Oublier Corneille me paraît grave, plus grave peut-être que de renier Austerlitz, car c'est tourner le dos à ce qui fait notre bien commun, à nous Français, à savoir une langue et une culture que nous envient - ou nous enviaient- les autres nations.
Cette langue et cette culture, forgées pendant des siècles à la Cour et dans les salons parisiens, sont de merveilleux outils auxquels nous devons d'avoir pu bâtir un pays prospère et heureux, ce qui ne va pas de soi. Ils nous permettent d'exprimer des idées complexes et nuancées; ils nous ouvrent à la diversité du monde.
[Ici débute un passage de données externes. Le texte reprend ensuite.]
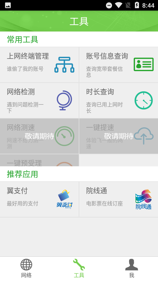 2. 根据需求选择相应的功能,如账户管理、网络测速、故障报修等。

Grâce à eux, nous pouvons dialoguer, rester soudés et progresser ensemble dans un monde sans compassion pour les faibles.
Y renoncer au profit d'une sous-culture mondialisée et d'un pauvre mélange de basic english et de sabir reviendrait à aborder les compétitions du futur aussi nus et désarmés que les ressortissants des pays andins ou africains... Triste inconséquence alors que tant de gens dans le monde, moins chanceux que nous-mêmes, cherchent à surmonter leur déficit de culture en valorisant jusqu'à l'outrance leur identité religieuse.
Forte de sa culture et de son Histoire millénaires, la France offre l'exemple d'un pays où il fait bon vivre dans l'ensemble, où l'on travaille avec efficience tout en jouissant des belles choses de la vie à travers une activité associative intense...
Pourtant, si l'organisme est sain, la tête est malade. La France est à la dérive, comme un bateau sans capitaine, sans port d'attache et sans port de destination. La faute en revient en premier lieu sans doute à nos représentantsqui, dans le désir de pérenniser leurs places et leurs privilèges, évitent ce qui nous unit, le débat démocratique autour de l'intérêt général, et flattent ce qui nous divise, les revendications corporatistes et communautaristes...
Le phénomène s'est spectaculairement aggravé ces dernières années après l' élection par défaut le 5 mai 2002 d'un président de la République en complet déphasage avec l'opinion, puis avec le désaveu massif de la classe dirigeante par le référendum du 29 mai 2005 sur la Constitution européenne, enfin avec le spectable grandguignolesque d'un gouvernement de pieds-nickelés qui casse semaine après semaine les institutions dont il s'est attribué la charge.
Au lieu de rendre la parole au peuple en démissionnant comme dans toute démocratie qui se respecte, président, ministres et députés ont préféré poursuivre leurs palinodies comme si rien ne s'était passé. Ils s'accrochent à leurs postes «comme des moules à leur rocher» quitte à ruiner l'autorité de l'État et ce que la France conserve d'influence en Europe.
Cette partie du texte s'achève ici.